As part of this work, we have described six key phases for information model development. The presented work covers aspects of the first three phases: review of existing models, model creation and evolution, and model alignment. Given the iterative and incremental nature of the model development process, next steps include building upon the findings from these three phases as well as delving into model validation, implementation, and evaluation.

Review and analysis of existing information models and terminologies revealed a base set of key features that may be used to guide model development. The key features that were considered in this first phase of the project and will continue to be evolved include: use of existing formalisms (UML with plans to explore XML, OWL, and RDF), linkage to standards (LOINC, SNOMED CT, HL7, etc.), multi-level modeling, support for constraints, and support for compositional construction.

The initial Observation Model defines a core construct for laboratory and clinical observations (i.e., Focus-Property-Value triplet), differentiates atomic and compound observations, and seeks to accommodate contextual information such as qualifiers. There is a range of other contexts such as modifiers (e.g., negation or family history) and temporal information; these are also essential aspects of observations and will be addressed in subsequent phases of the project. In addition, we have primarily focused on the “facts” related to observations; other information about the “act” (e.g., timestamps) and “participants” (e.g., author) also need to be included and will similarly be incorporated in future iterations of the model.
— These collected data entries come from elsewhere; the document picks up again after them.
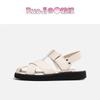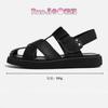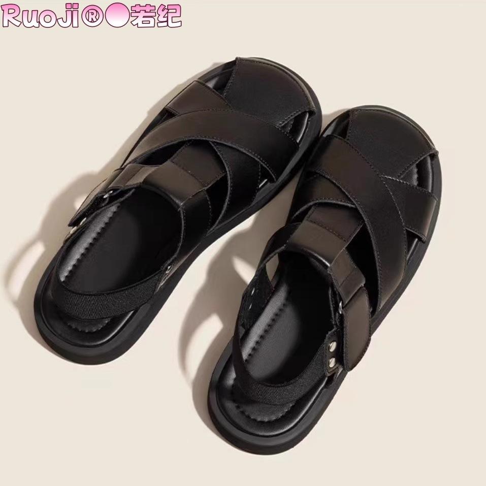 2025 summer new leather hollow woven pig cage Roman sandals women's design sense niche Velcro versatile
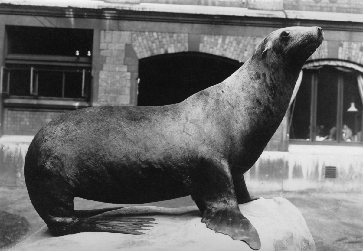 'Sjölejon, hona, montering uppställd på innergården till Ostindiska huset. :: :: Coll.an.3504. Fynddatum: 1915-05-17. :: :: Monterad av Hilmer Skoog'
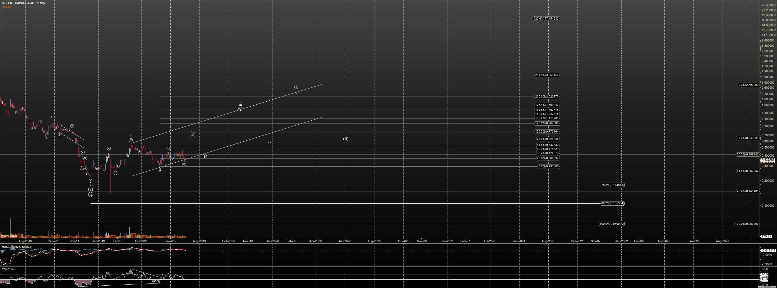 Needless to say the Steem price has been very disappointing given the strong push in the price of Bitcoin. I am tracking this diagonal that fits within the long term view I've posted here for a long time. However, this is seen through rosey eyed classes and is not the most bullish of patterns. I now only hold enough STEEM to be active on Steemit, but nothing more.
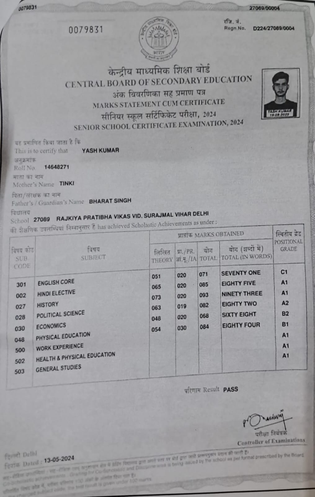 | Exam | Full Marks | Pass Marks | Marks Obtained |

With a basic understanding of observations, a next step includes identifying how best to formalize the Observation Model; this may involve determining if any existing or evolving information models may be used or adapted, or if the strategy should be to align or harmonize the Observation Model with these models. A thorough evaluation of the models that were reviewed and continued in-depth review of other identified efforts (e.g., HL7 Clinical Statements7, CEN/TC 251 and ENV/EN 136061, and ISO/TC 21515) is needed to determine the approach that best meets the requirements.

CONCLUSION

In this paper, we have described our early efforts and experiences in: (1) exploring existing work related to healthcare information models that offers insights on essential features and successes, (2) designing an information model for observations (Observation Model) to be generalizable, flexible, and extensible, and (3) studying how an Observation Model would align to industry-wide standards such as LOINC, SNOMED CT, and HL7 V3 data types. The initial findings provide insight to the various challenges ahead and guidance on next steps for adoption of information models at our organization.